── AVAILABLE DATA ──
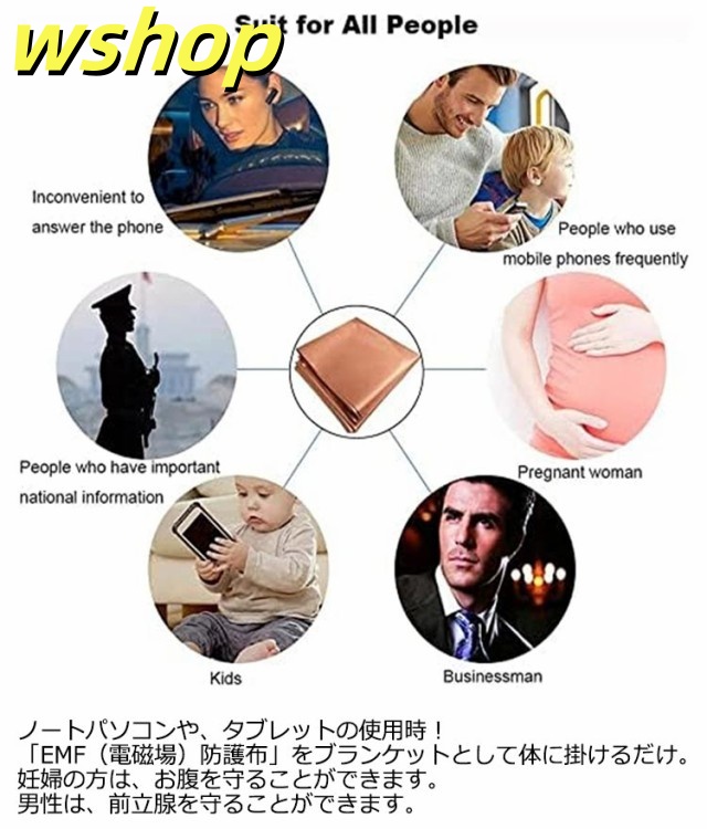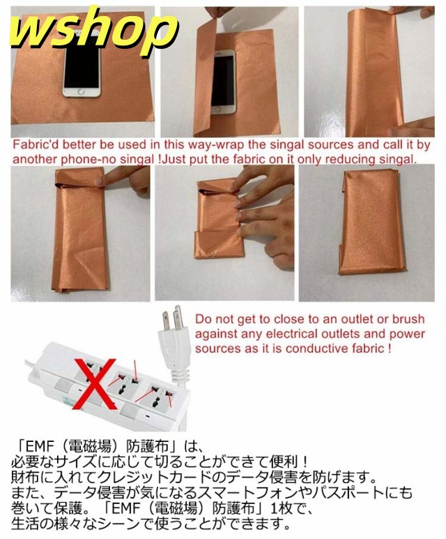 | 電磁波から体を守る♪110×100cmの大判電磁波遮断シート。 「EMF(電磁場)防護布 」を体に巻いたり、掛けることで、身の回りの電磁波が気になる電化製品(PC・スマートフォン・TV・無線ルーター・電子レンジなど)の電磁波を遮断するシート。 ノートパソコンや、タブレットの使用時!「EMF(電磁場)防護布」をブランケットとして体に掛けるだけ。妊婦の方は、お腹を守ることができます。男性は、前立腺を守ることができます。 「EMF(電磁場)防護布」は、必要なサイズに応じて切ることができて便利!財布に入れてクレジットカードのデータ侵害を防げます。また、データ侵害が気になるスマートフォンやパスポートにも巻いて保護。「EMF(電磁場)防護布」1枚で、生活の様々なシーンで使うことができます。 お好きなサイズにカットして電化製品をカバーしたり、袋状に加工してスマートキーやスマホ、クレジットカードを入れたり、リレーアタック対策として活躍できます。 「EMF(電磁場)防護布」は、薄くて柔軟性に優れています。110×100cmの大判サイズなので、ブランケットや下敷きなど、使い方は自由自在! 送電線、配電線、携帯電話基地局の近くにお住まいの方、電磁波過敏症の方や、妊娠中で電磁波による影響が不安な方などにもオススメです。 | |
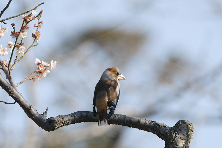 このシメは 体型のわりにはくちばしが太く 獰猛な感じがしますね。
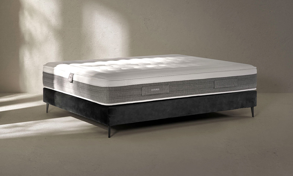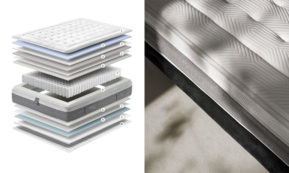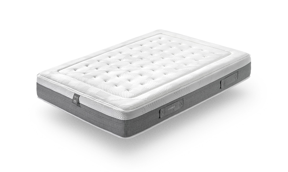 H.26 cm. Soutien ferme. Ressorts Springsac. Mousse à mémoire de forme. Face hiver mousse Supersoft, mousse Viscotitanium. Face été revêtement Aeroflex 3D ice. Anti bactérien. Anti acariens.
───
- **ABOUT THIS EXERCISE**:
Write out exactly, and only, the lines from the line holding "このシメは 体型のわりにはくちばしが太く 獰猛な感じがしますね。" through the end of the data, inclusive, without any pictures.

- **ANSWER BELOW**:
 このシメは 体型のわりにはくちばしが太く 獰猛な感じがしますね。
 H.26 cm. Soutien ferme. Ressorts Springsac. Mousse à mémoire de forme. Face hiver mousse Supersoft, mousse Viscotitanium. Face été revêtement Aeroflex 3D ice. Anti bactérien. Anti acariens.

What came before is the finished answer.